Cependant, cette idée d'une certaine masculinité est remise en question, notamment grâce aux voix qui s'élèvent contre la toxicité de certains schémas mais aussi grâce aux différents mouvements féministes (plus ou moins modérés) qui mettent à mal l'idée ancestrale de la masculinité. Car, si les femmes ont une pression évidente de la société, les hommes aussi. Plus d'un a dû être poussé, par leurs pairs ou la pression sociale, à faire des choses regrettables ou qui n'entraient pas dans leur idée de "l'homme". Le podcast Les Couilles sur la Table traite de cette idée de la masculinité normée, un poil toxique, qui gangrène nos esprits. Au fil des épisodes, Victoire Tuaillon et ses invités reviennent sur des stéréotypes masculins et déconstruisent, doucement mais sûrement, les idées reçues. Le but de toute cette démarche ? Tordre le cou aux habitudes et tendre vers un monde moins culpabilisateur et où (utopiquement) la manipulation n'aura plus sa place.
L'anti-mec toxique, a.k.a le Soft Boy, est-il en train de devenir le nouveau mec idéal ?
Heureusement, la tendance tend à s'inverser ces dernières années, toujours grâce à la pop culture et aux réseaux sociaux comme Tiktok, qui donnent de plus en plus de visibilité aux nouvelles formes de masculinité. Le nouveau rêve de belle-mère s'appelle le "soft boy", un anglicisme qui définit un homme doux, délicat et même, un poil féminin, selon nos standards actuels. Si cette nouvelle masculinité est fustigée par certains hommes, bien décidés à conserver par monts et par vaux l'image de l'homme dominant et puissant, cela ne lui empêche pas de gagner du terrain.
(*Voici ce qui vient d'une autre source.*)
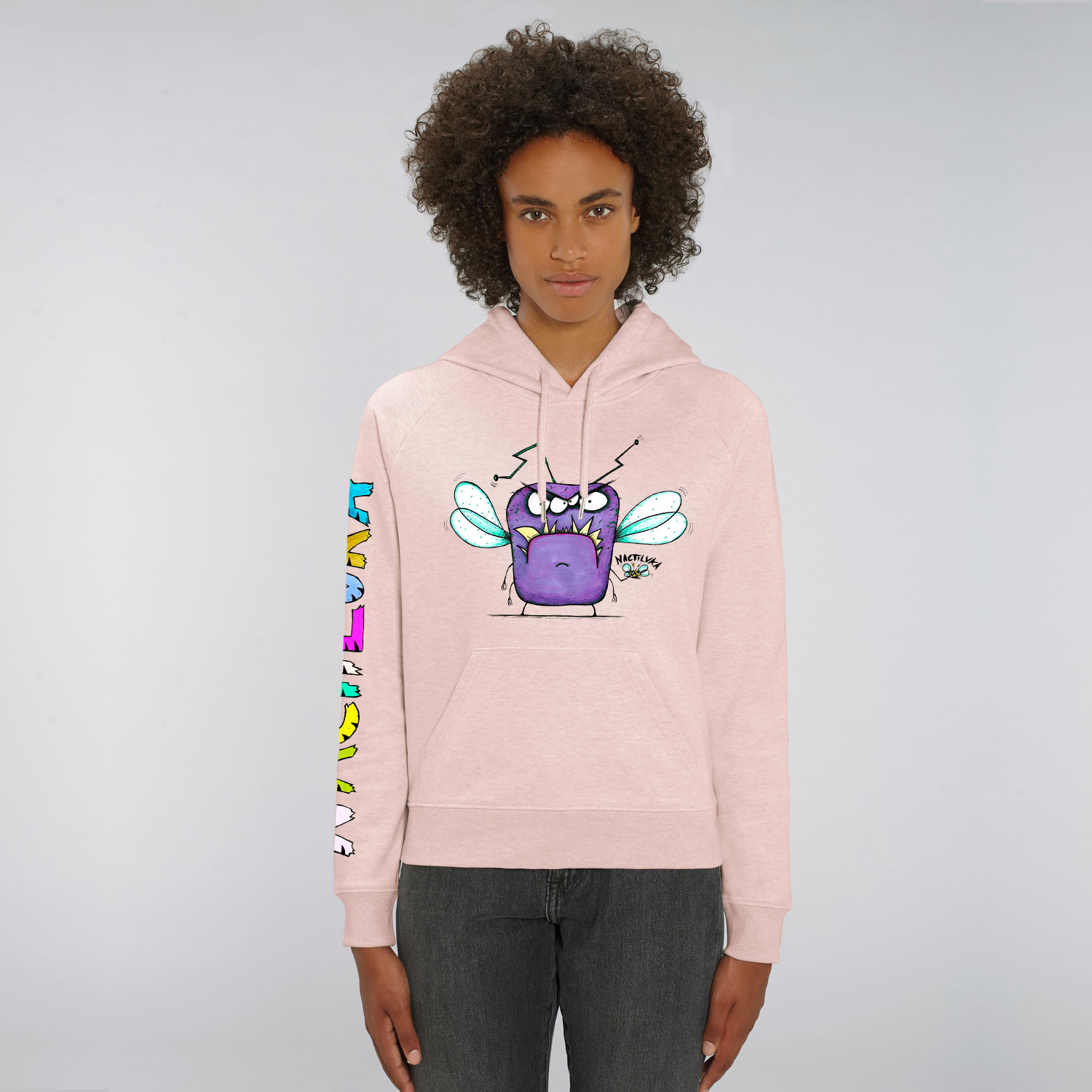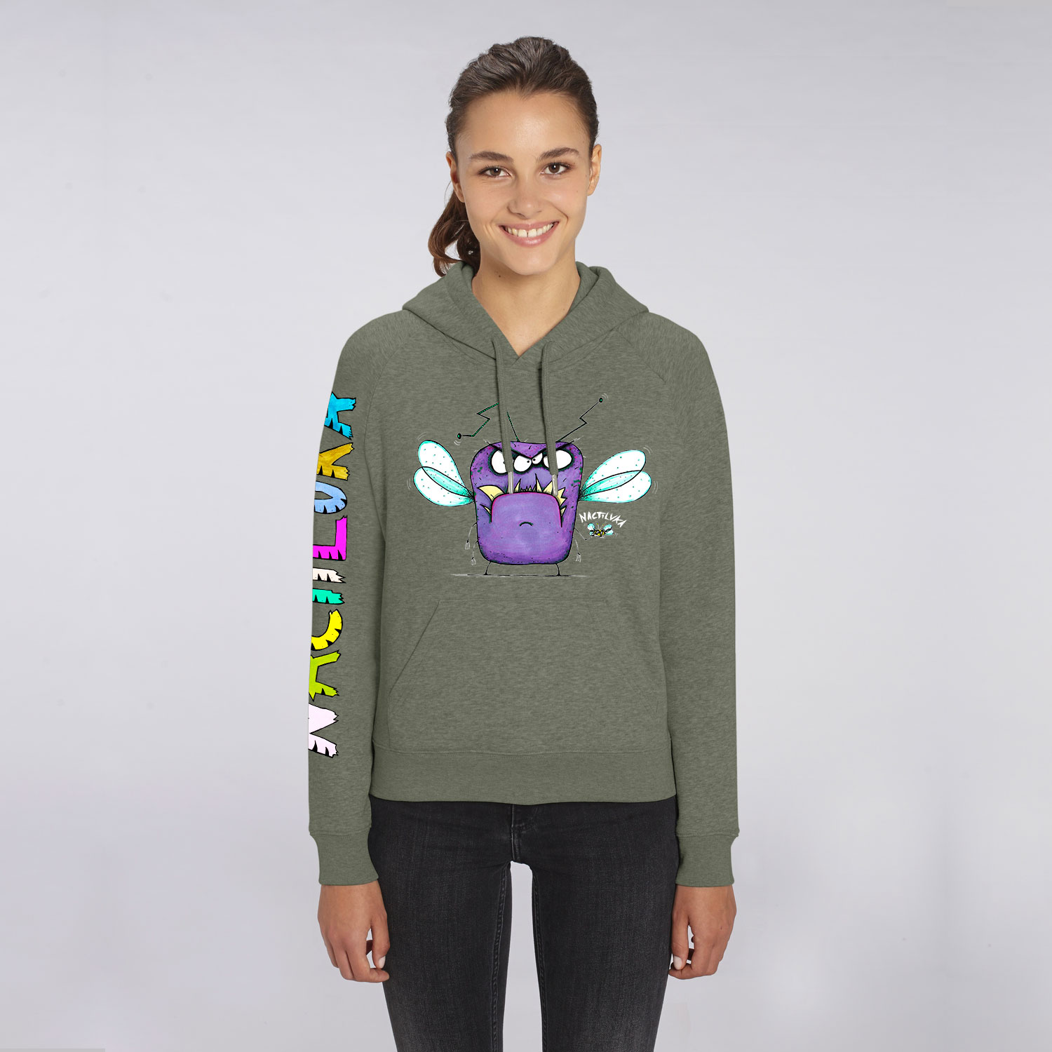 Sudadera de mujer con el dibujo MOSCA聽realizada con algod贸n org谩nico.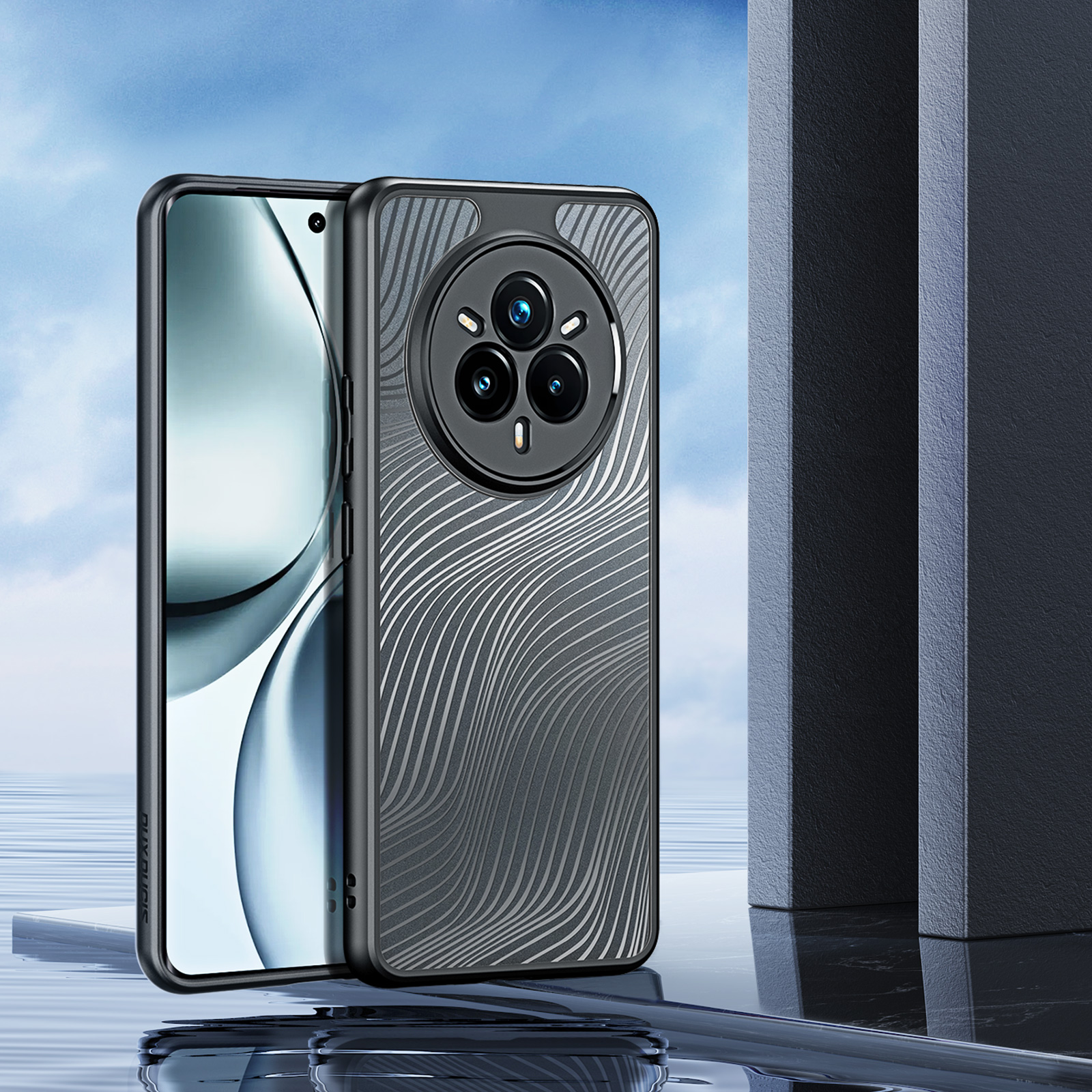Тонкий чехол с мягкими черными рамками от Dux Ducis серии Aimo Series Case для смартфона Realme 14 Pro изготавливается из экологичных материалов путем высокоточного литья под давление с высокой температурой.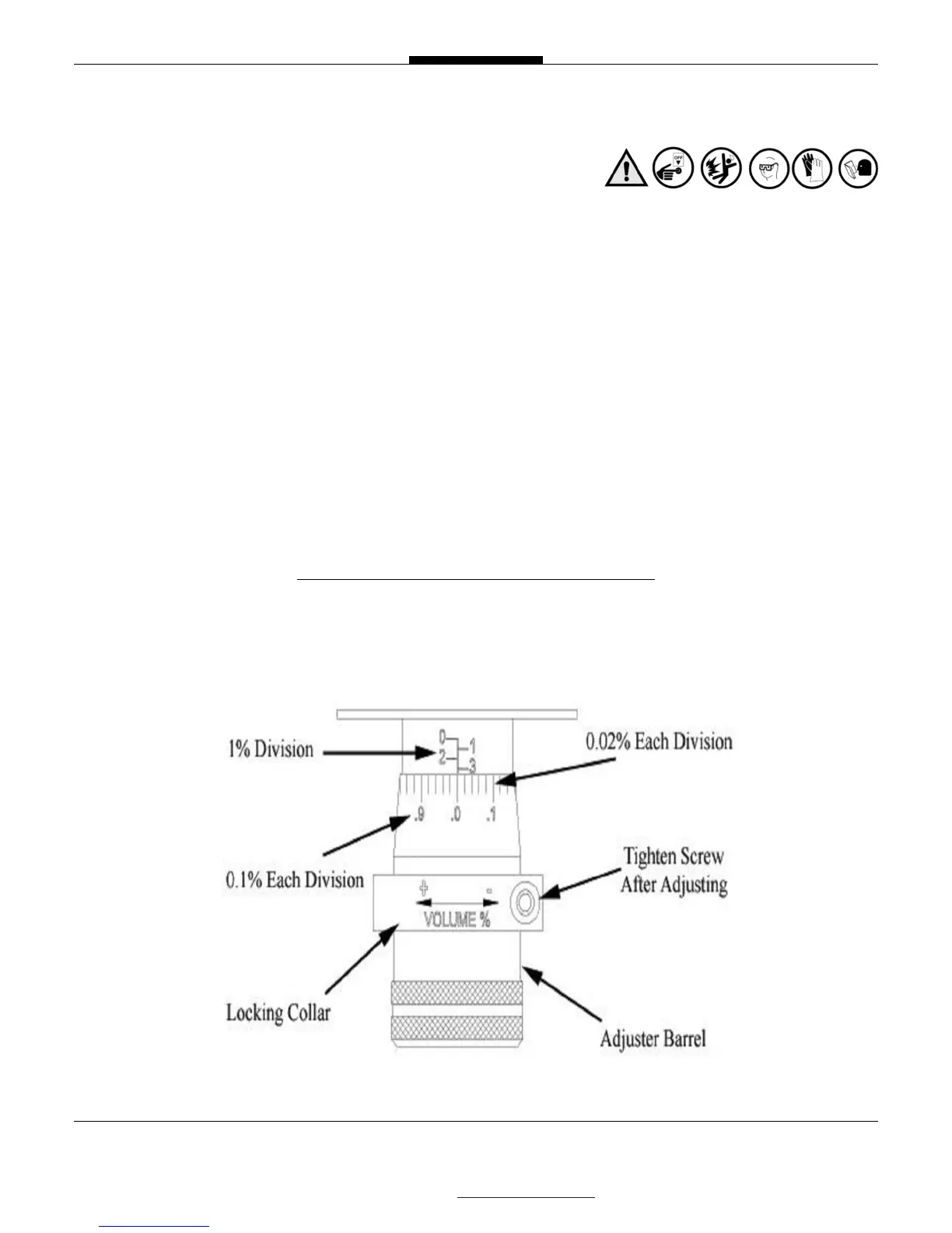 adjuster body will show divisions of 1%, while the adjuster barrel has divisions of 0.02%. For volumes other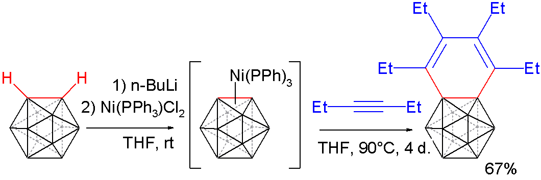 카보레인은 알킨과 반응하여 '''벤조카보란'''(benzocarborane)이 생성된다.[40][41] 먼저 ''o''-카보란이 ''n''-뷰틸리튬에 의해 탈프로톤화되어 디클로로비스(트리페닐포스핀)니켈과 반응하여 카보레인의 니켈 착체가 생성된다. 이어서 3-헥신과 반응시키면 벤조카보란이 생성된다.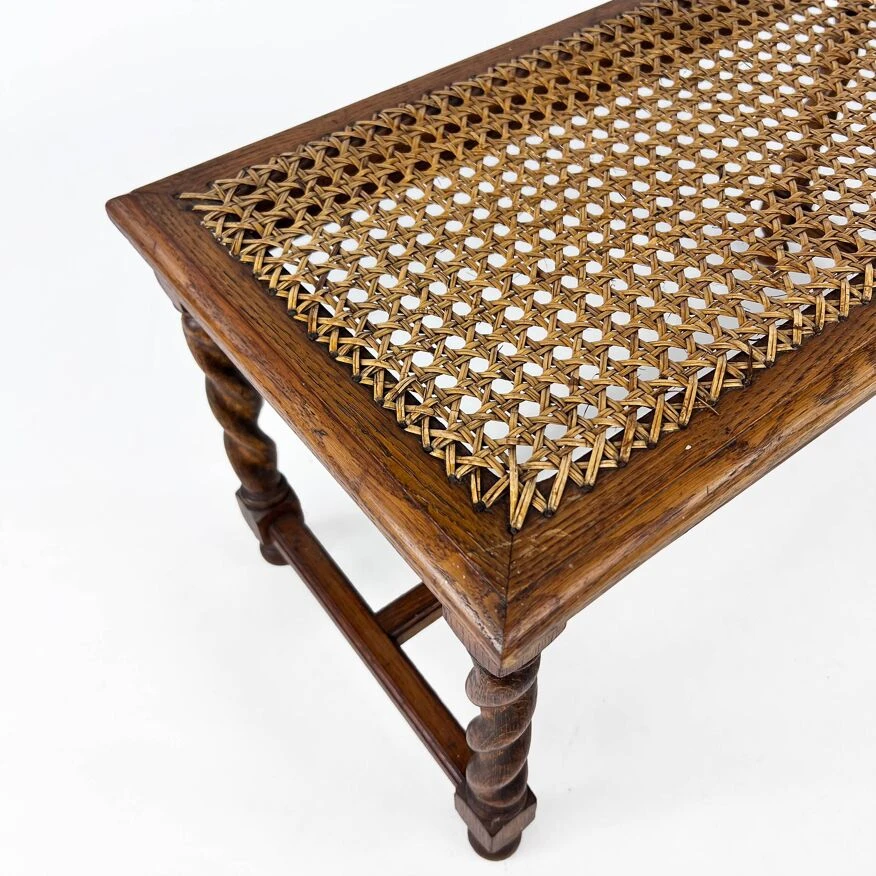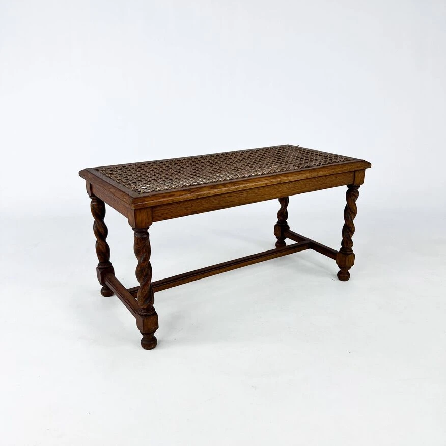 Antique bench made of solid oak and cane from the 1930s.the bench is in good condition with appropriate patina and light signs of use.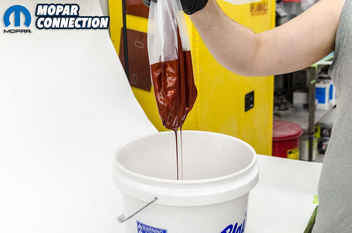 Above left: All of the product to be sprayed is mixed into a single container to ensure that the color remains absolutely consistent from beginning to end. It is strained to be sure that any possible clumps of metallic material are removed. Above center: Mixing is done strictly according to PPG’s instructions. Above right: The paint is strained yet again as it is poured into the paint cups. Enough paint is brought into the booth so that the coat can be finished without anyone needing to leave before it’s completed.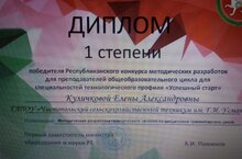 В ГАПОУ "Зеленодольский механический техникум" состоялся конкурсный очный тур защиты методических разработок преподавателей СПО Республики Татарстан для технических специальностей. Преподаватель английского языка Куличкова Елена Александровна заняла 1 место и получила Диплом 1 степени. Поздравляем с заслуженной победой и желаем дальнейших творческих успехов!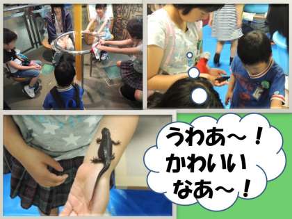 その後,展示室での体験をしたり生き物を実際に触ったりして楽しみました。
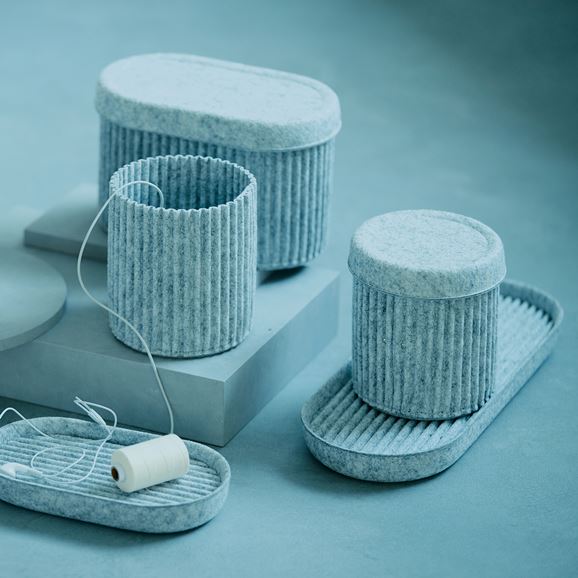 イデーオリジナルの収納アイテム、Saza Series(サザ シリーズ)。さざなみのようなフェルトの凹凸がデザインアクセントのボックスとトレーです。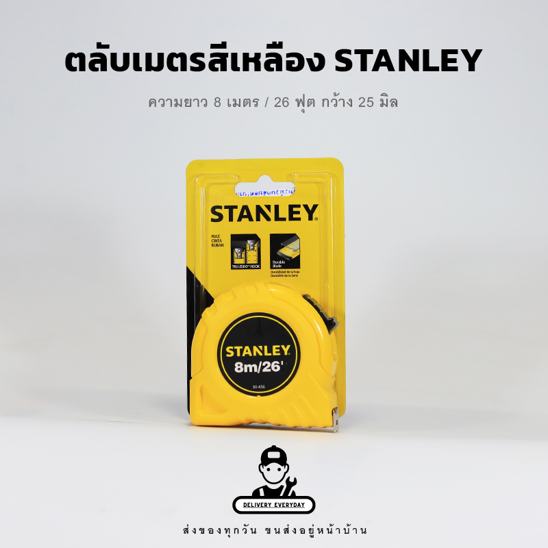 ตลับเมตรสีเหลือง แบรนด์ STANLEY ขนาดกระทัดรัด พกพาสะดวก สำหรับช่างมืออาชีพ สเกลยาวต่อเนื่อง ตัวหนังสือหน่วยวัดคมชัด มองเห็นได้อย่างชัดเจน

Il n'y a qu'à voir le succès de la série Sex Education, le jeune Ottis n'a rien du quarterback macho qui faisait fondre les filles dans les séries type Euphoria ou Comme Cendrillon avec Hilary Duff.
Les nouvelles coqueluches des adolescent(e)s s'appellent Timothée Chalamet, Harry Styles, les BTS ou encore Cole Sprouse. Des hommes qui jouent avec les frontières des genres, qui se permettent toutes les folies vestimentaires, qui n'ont pas (plus) peur du regard des autres hommes et qui assument, haut et fort, être de gentils garçons. Ça change des bad boys institutionnels ou des rappeurs aux lignes violentes et misogynes. L'avènement de ces nouvelles têtes d'affiche prouve bel et bien que les choses sont en train d'évoluer, dans le bon sens. Que la toxicité pourrait, dans un futur proche, n'être réservée qu'aux sociopathes type Joe Golberg.
Bien sûr, on continuera de se délecter des séries de notre adolescence, mais on les regardera avec un nouvel œil et sans aucune nostalgie du temps d'avant, où tous les hommes de France et de Navarre étaient des Damon Salvatore wannabe ou de pâles copies de Christian Grey (la carte platinium en moins).